Several authors have dealt with heterogeneity of variances. Mixed Gaussian models for the within-litter standard deviation have already been mentioned (Högberg & Rydhmer, Reference Högberg and Rydhmer2000; Damgaard et al., Reference Damgaard, Rydhmer, Løvendahl and Grandinson2003). Foulley et al. (Reference Foulley, Gianola, SanCristobal and Im1990) put forward a log-linear model for residual variances in order to identify sources of heterogeneity, an idea which has been further extended by SanCristobal et al. (Reference SanCristobal, Foulley and Manfredi1993), Foulley & Quaas (Reference Foulley and Quaas1995) and SanCristobal-Gaudy et al. (Reference SanCristobal-Gaudy, Elsen, Bodin and Chevalet1998) by including heterogeneous genetic components of variance and random factors affecting variances. A Bayesian approach jointly considering genetic effects on mean and residual variance was developed by Sorensen & Waagepetersen (Reference Sorensen and Waagepetersen2003). Other extensions comprise mean–variance relationships (Foulley, Reference Foulley2004) in models allowing also for effects of explanatory variables on variance components. The latter approach in particular would presumably be worthwhile to be investigated as an alternative to the methods presented.

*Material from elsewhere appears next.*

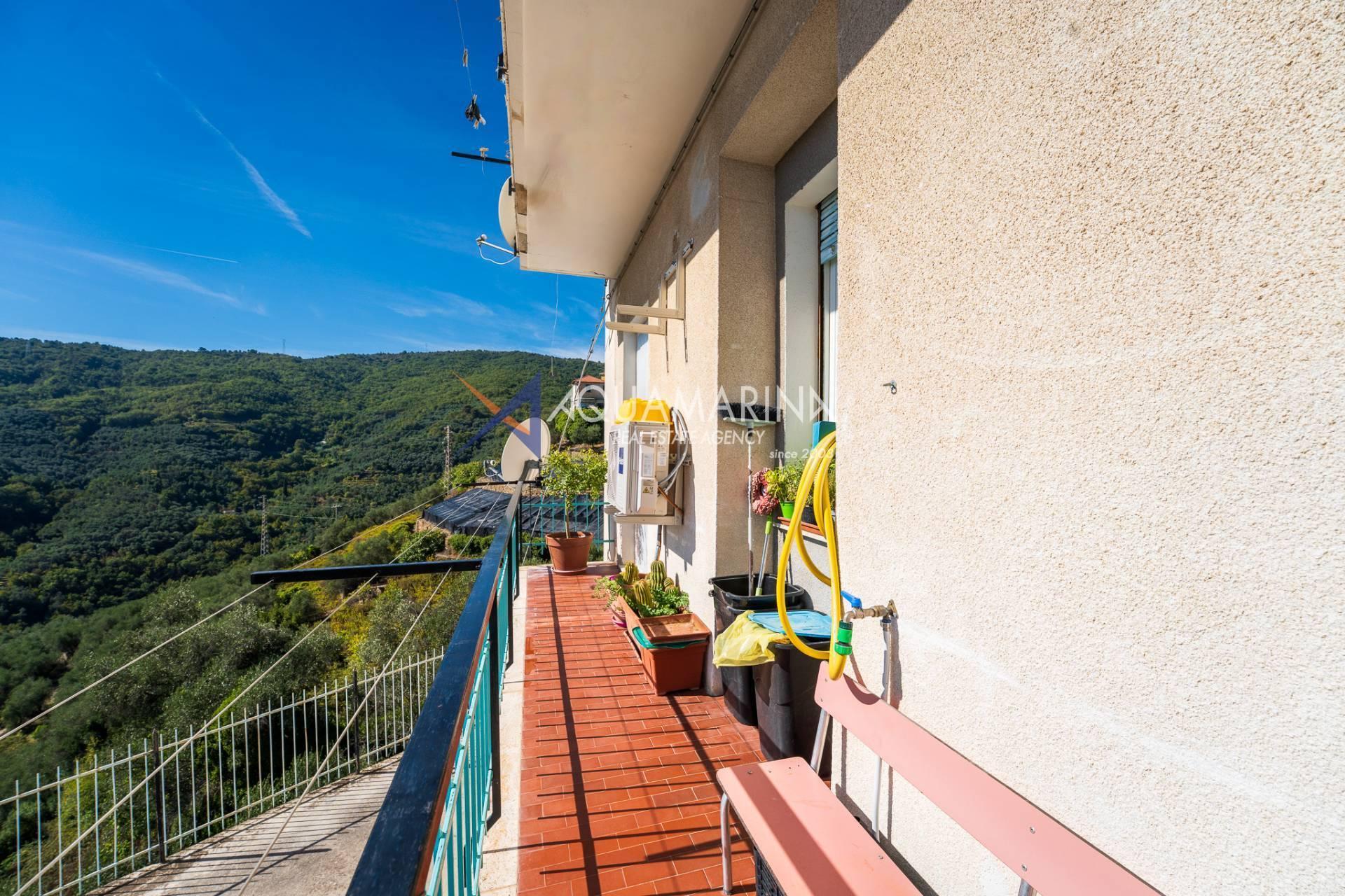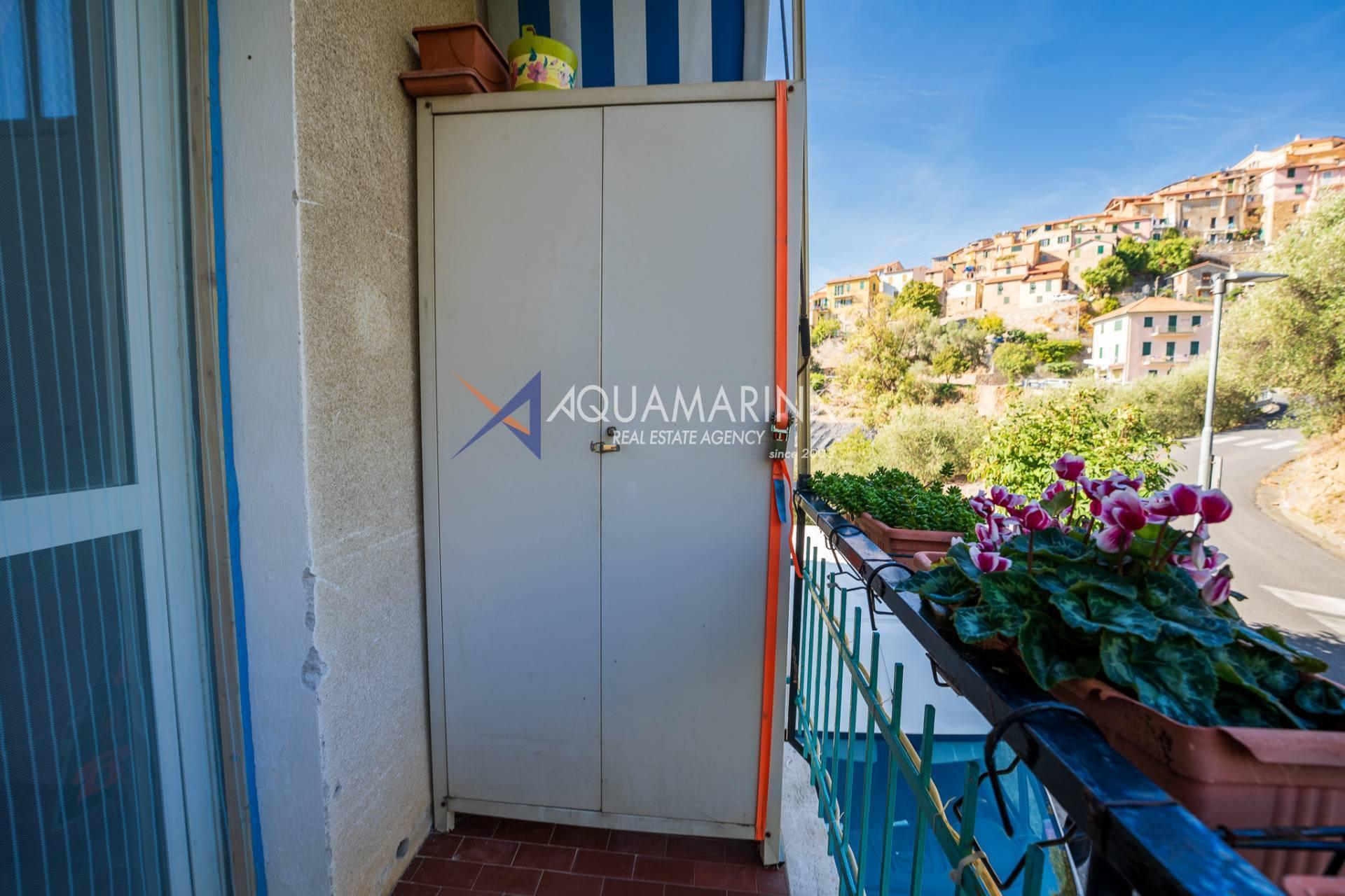 Pietrabruna Apartment mit Meerblick, gelegen im charmanten mittelalterlichen Dorf San Lorenzo al Mare, nur 9 Kilometer vom Meer entfernt. Diese geräumige Vierzimmerwohnung mit 95 m² (970 sq ft) bietet dreifache Ausrichtung. Komplett renoviert, bietet dieses Anwesen eine einzigartige Gelegenheit, in einer ruhigen und charmanten Umgebung zu leben. Die helle Wohnung besticht durch ihre Terrassen mit offenem Panoramablick auf das Meer und die Olivenhaine, die typisch für diese bezaubernde Gegend sind.

(iii) Ambiguity of the parameter c ²

The parameter c ² denotes the ratio of within-litter variance of q-daughters compared with Q-daughters. If the parameter c is significantly different from 1, it is ambiguous whether the within-litter variance is affected by a raised residual variance, by an enlarged polygenic variance or by an increased QTL variance (see equation (1)). When a non-significant result is observed, a constant within-litter variance could also be generated by, for example, an increased residual variance and decreased polygenic variance. Therefore, it should be kept in mind that the parameter c ² is just a cumulative effect for any changes in the components of the within-litter variance.

(iv) Granddaughter design

The applied model for the daughter design can be extended, with some modifications, to the granddaughter design. Consider a fixed number of grandsires, which are mated with unrelated granddams of the population. We select one son per mating and these sons are mated with unrelated dams. One daughter per mating is chosen to analyse the within-litter variance. For each granddaughter we have to calculate the sample variance of observed birth weights within one litter. We may assign the sample variances pooled over all daughters as observation for every sire and apply the techniques of Section 2 with adjusted degrees of freedom (number of total piglets minus number of daughters) in the matrix of weights.

(v) Sex effect

Up to now it has been assumed that no sex effect occurs on the piglet's mean value or on the variability of phenotypes. But the expected phenotypic value of male piglets may be larger than for female piglets. To consider such an effect, the model (A.1) in Appendix A has to be adjusted. Three different scenarios are possible: (i) No sex effect on the mean and variability of the phenotypic value exists. Therefore, the observed value per daughter consists of the sample variance of all weights at birth within one litter (degrees of freedom: litter size minus 1). (ii) A sex effect acts on the expected phenotypic value but not on its variability. Thus, the observed value per daughter is the sample variance of birth weights pooled over male and female progeny (degrees of freedom: litter size minus 2). (iii) The sex affects the variability of the phenotypic value. Thus, there are two observed values per litter: the respective sample variances of male and female progeny. In this case it is possible to test a QTL effect as well as a sex by QTL interaction.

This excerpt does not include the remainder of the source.